• **Task prompt**
Transcribe the listing below verbatim, omitting pictures.

• **Material for the task**
--------

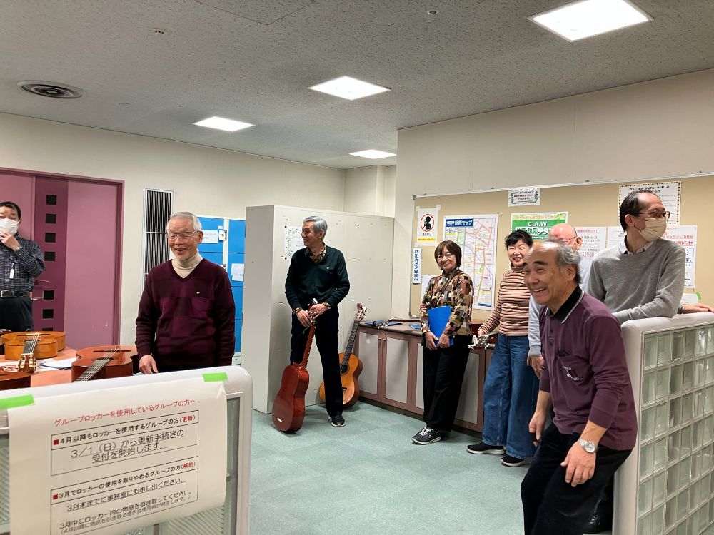 11時集合でみなさんギターの用意をし、リラックスしているところ。あとひとりメンバーを待っています。
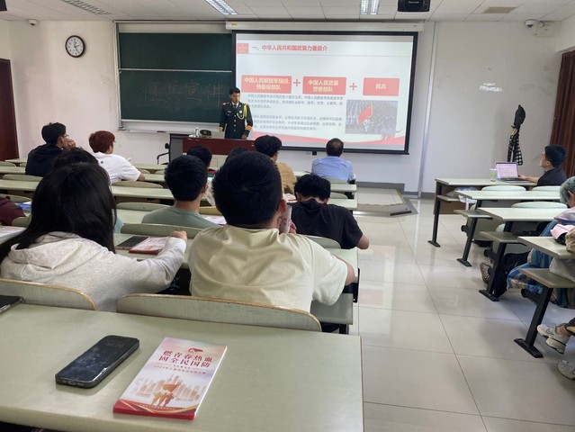 随后,刘款款为大家详细介绍了大学生征兵入伍的政策以及要求,并回答大家关于大学生征兵入伍的问题。他谈到国防教育的重要性,并鼓励大家积极参军服役。新时代的青年应该承担起保卫祖国的神圣职责,用自己的实际行动为国家的安全稳定贡献力量。
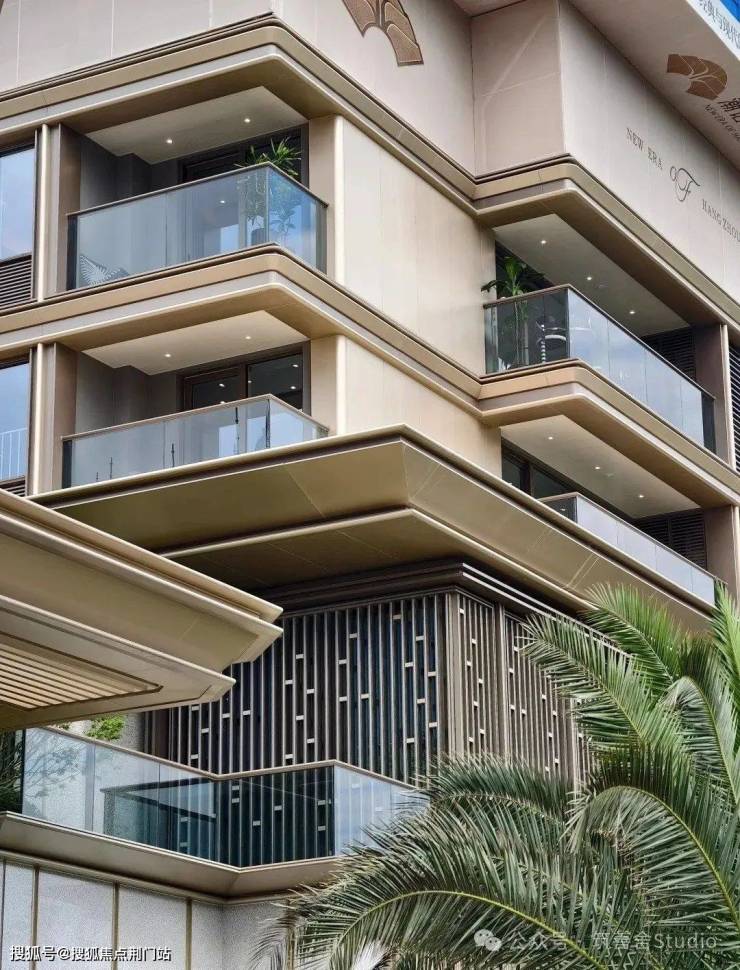 建筑立面在板块内率先采用大面铝板与玻璃相结合的设计,辅以涂料和石材,打造出独具匠心的外观。屋顶采用流畅的金色云冠造型,米色与香槟金铝板巧妙运用精细的斜切工艺及圆滑弧角,使得窗框更显立体,营造出蕴含东方韵味的「金色画框」,其美艳无声,引人入胜。
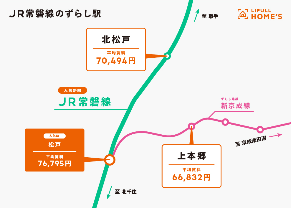 人気路線である「JR常磐線」の1駅隣、『北松戸』の平均賃料は70,494円ですが、松戸が起点の新京成線で1駅隣の『上本郷』は平均賃料66,832円と、お得な相場感となっています。
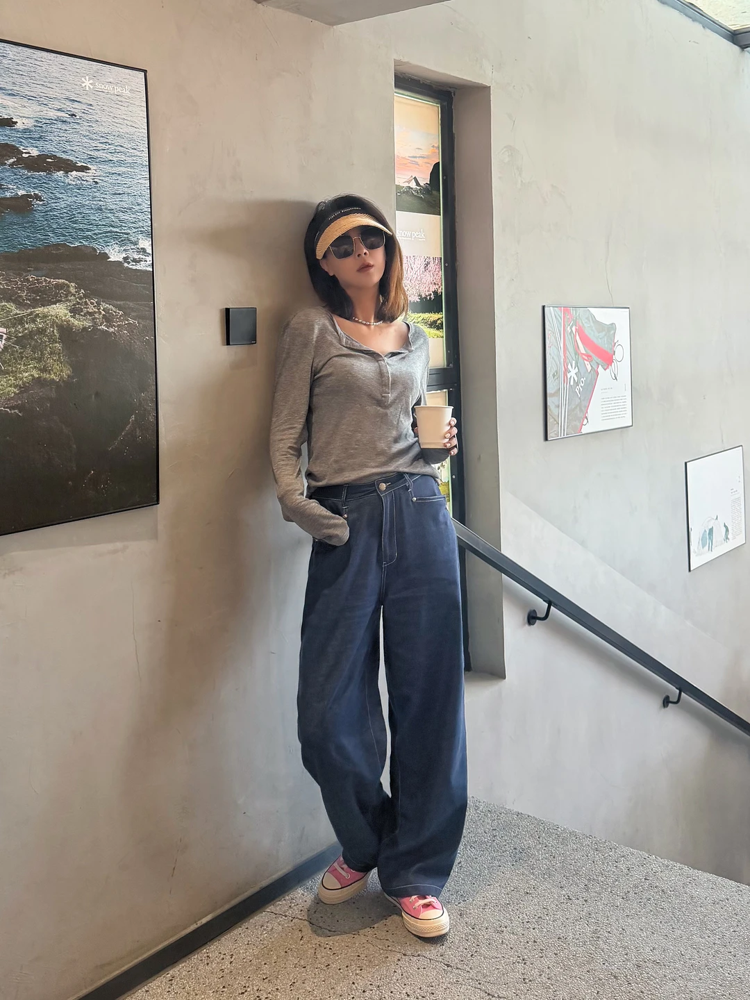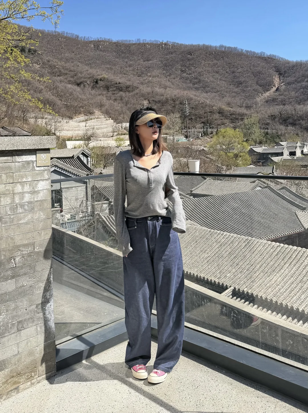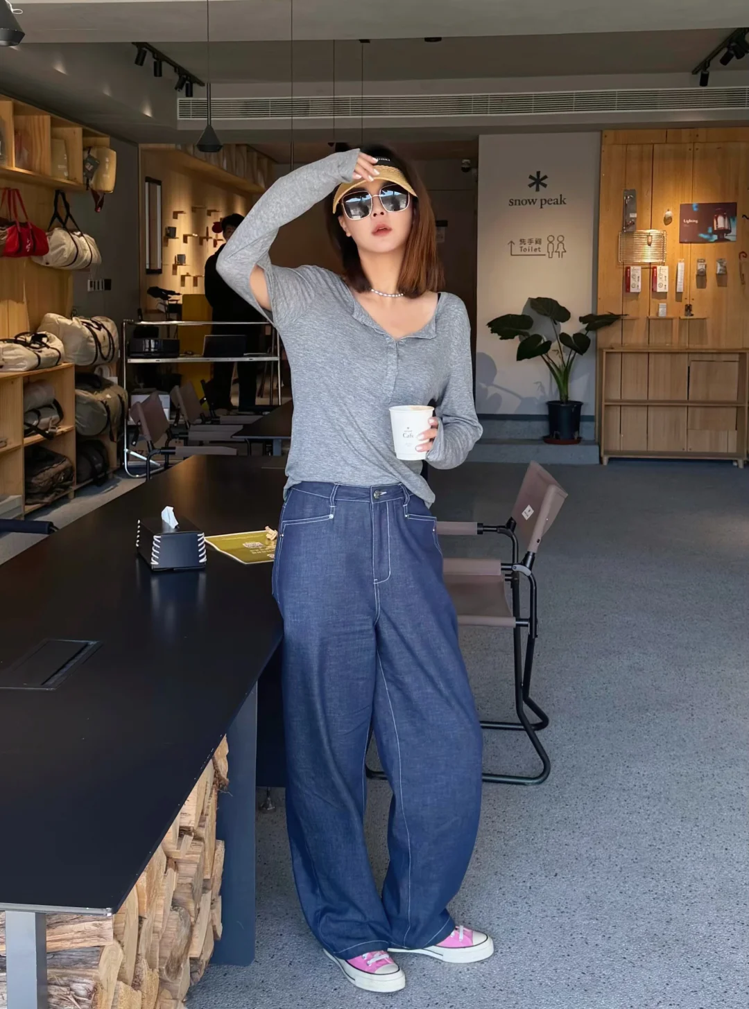 一件灰调亨利衫,搭配一条明线阔腿牛仔裤。

--------

• **Solution for this problem**
 11時集合でみなさんギターの用意をし、リラックスしているところ。あとひとりメンバーを待っています。
 随后,刘款款为大家详细介绍了大学生征兵入伍的政策以及要求,并回答大家关于大学生征兵入伍的问题。他谈到国防教育的重要性,并鼓励大家积极参军服役。新时代的青年应该承担起保卫祖国的神圣职责,用自己的实际行动为国家的安全稳定贡献力量。
 建筑立面在板块内率先采用大面铝板与玻璃相结合的设计,辅以涂料和石材,打造出独具匠心的外观。屋顶采用流畅的金色云冠造型,米色与香槟金铝板巧妙运用精细的斜切工艺及圆滑弧角,使得窗框更显立体,营造出蕴含东方韵味的「金色画框」,其美艳无声,引人入胜。
 人気路線である「JR常磐線」の1駅隣、『北松戸』の平均賃料は70,494円ですが、松戸が起点の新京成線で1駅隣の『上本郷』は平均賃料66,832円と、お得な相場感となっています。
 一件灰调亨利衫,搭配一条明线阔腿牛仔裤。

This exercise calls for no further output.